HONG KONG (AFP) – Hong Kong is seeing an explosion in telephone and Internet scams where criminals pose as local or Chinese officials to demand victims hand over money, police said on Wednesday.
The spike comes as an economic downturn weighs on the city and authorities crack down on dissent after huge democracy protests three years ago, fuelling a fear of officialdom.
At a briefing on Wednesday police said 956 phone scam cases were reported from January to July this year, a 60 per cent increase year on year.
A total of HK$470 million (S$84.7 million) was lost to con artists in the period.
There was an 87 per cent rise in the number of ruses involving people impersonating officials, which accounted for around 60 per cent of all the scams.
That method of conning was by far the most lucrative, producing 90 per cent of all the losses.
“The usual tactics included establishing authority by claiming to be an official or law enforcer and demanding victims keep things to themselves in order to isolate them,” Mr Woo Chin-pang, a police clinical psychologist, told reporters.
Though phone and Internet scams have long been a problem in Hong Kong, the figures lay bare how impersonating officials can be lucrative as the city rigorously enforces pandemic rules and becomes more like the authoritarian Chinese mainland.
In a video played by police, an anonymous female victim described how she received a call from someone claiming to be an official who accused her of violating coronavirus restrictions.
“The caller could tell me all my personal information so I wasn’t sceptical,” she recalled.
She said she then had a video call with a uniformed man who claimed to be a security official in Guangdong – a Chinese province neighbouring Hong Kong – who demanded her bank log-in details.
The largest scam so far this year involved HK$65 million and was carried out by people claiming to be officials from Beijing’s Liaison Office in Hong Kong and China’s top prosecuting body.
Given that many victims feel embarrassed by their experience, the real number of cases is thought to be much higher than reported scams.
Hong Kong police said they did not believe cases involving the impersonation of officials were linked to so-called “pig butchering” ruses out of Southeast Asia that have become a regional scourge.

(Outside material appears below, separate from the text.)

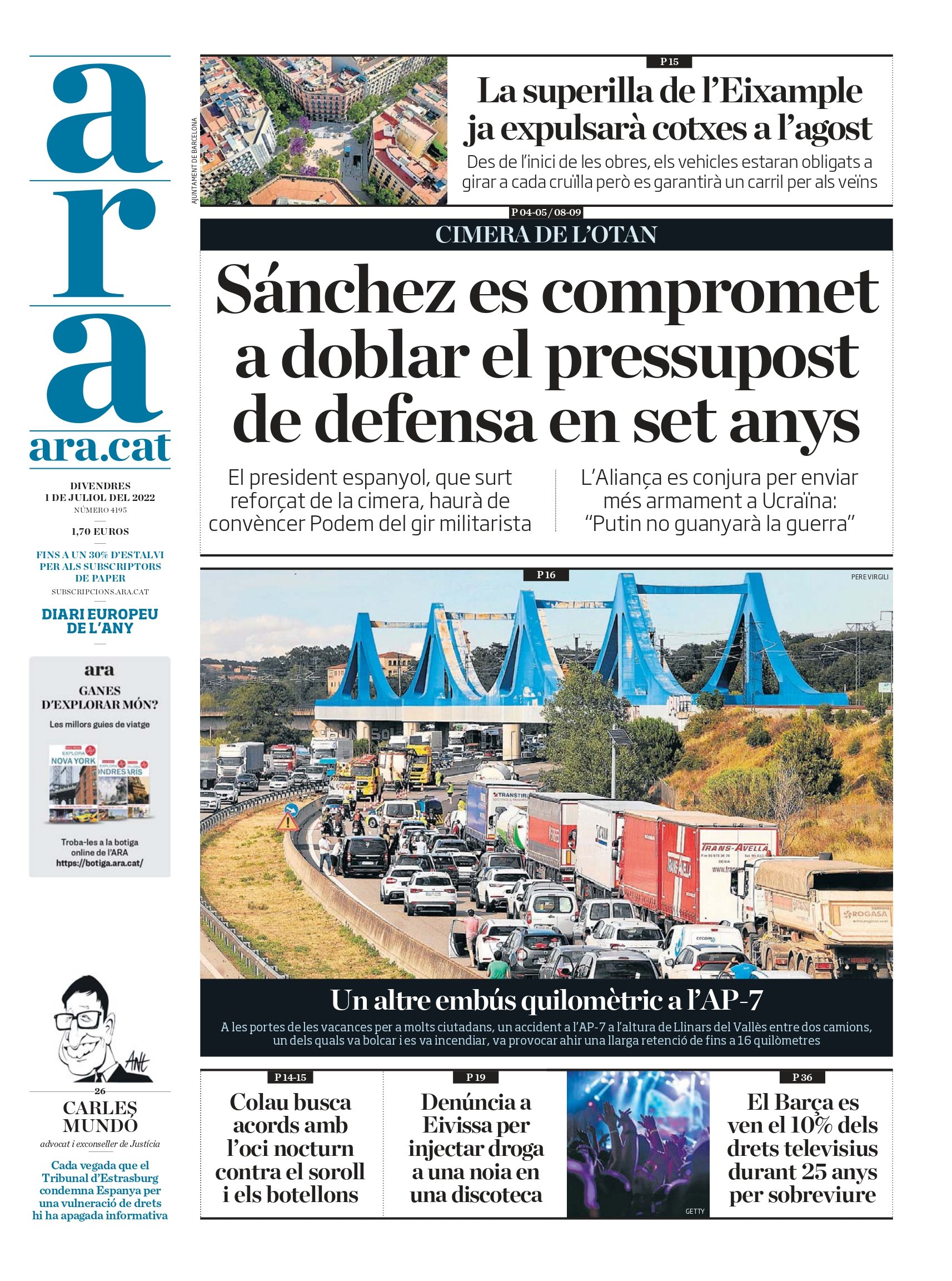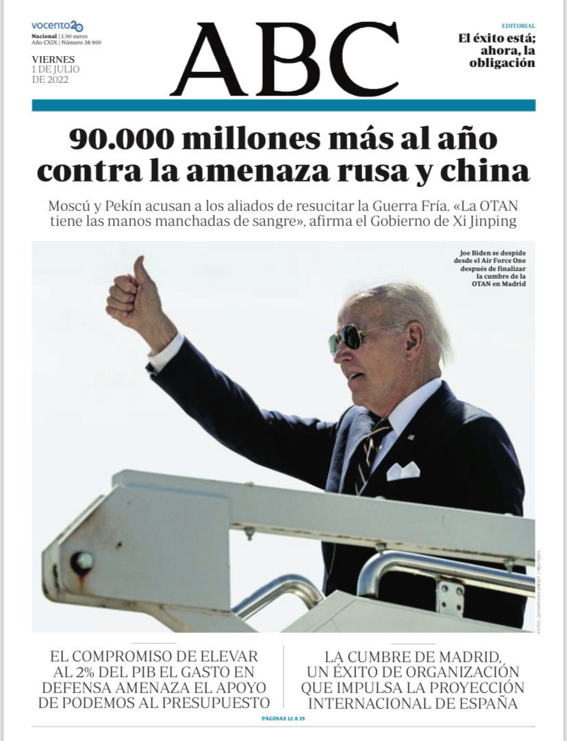 Las portadas de este viernes anuncian que el Gobierno propondrá duplicar el gasto en armas hasta que llegue al 2% del PIB en el 2029. Casi todos los diarios lo disimulan con la expresión “invertir en defensa”, fuera de El País y de El Mundo, que hablan de “gasto militar” y el ABC, que quiere asustarte y lo vende como gastar dinero “contra la amanaza rusa y china”. Podrías decir que no es para tanto que los lectores ya somos adultos y sabemos que todas las expresiones quieren decir lo mismo, etcétera. Error. Piensa qué respuesta darías a la pregunta "¿Le parece bien que España invierta más en el presupuesto de defensa?". Ahora piensa si responderías igual a la pregunta “¿Quieres que España se gaste 90.000 millones al año en armas?”. Hablemos, ¿verdad? Bien, pues eso es lo que ha venido a hacer el presidente de Estados Unidos de América, Joe Biden, en la cumbre de la OTAN de Madrid: a poner firmes a los llamados “aliados” y exigirles que se gasten el 2% del PIB en armas y militares, tal y como se comprometieron al entrar en la Alianza Atlántica. En España, Biden ha salido adelante, porque Pedro Sánchez, el presidente del gobierno español, no ha tardado ni 24 horas en pedir un “pacto de Estado” para aprobar este gasto. Como sabes, es lo mismo que hizo para pacificar la cuestión catalana -o el paro juvenil, no te enfades- y a la misma velocidad.

There has been growing international alarm in recent months over such swindlers, who mostly operate in Cambodia and Myanmar. Victims have been persuaded to make bogus investments, usually into crypto-wallets, which were ultimately emptied.
Former insiders and investigators say some of those running the scams are themselves victims of human trafficking who thought they were answering real job adverts overseas.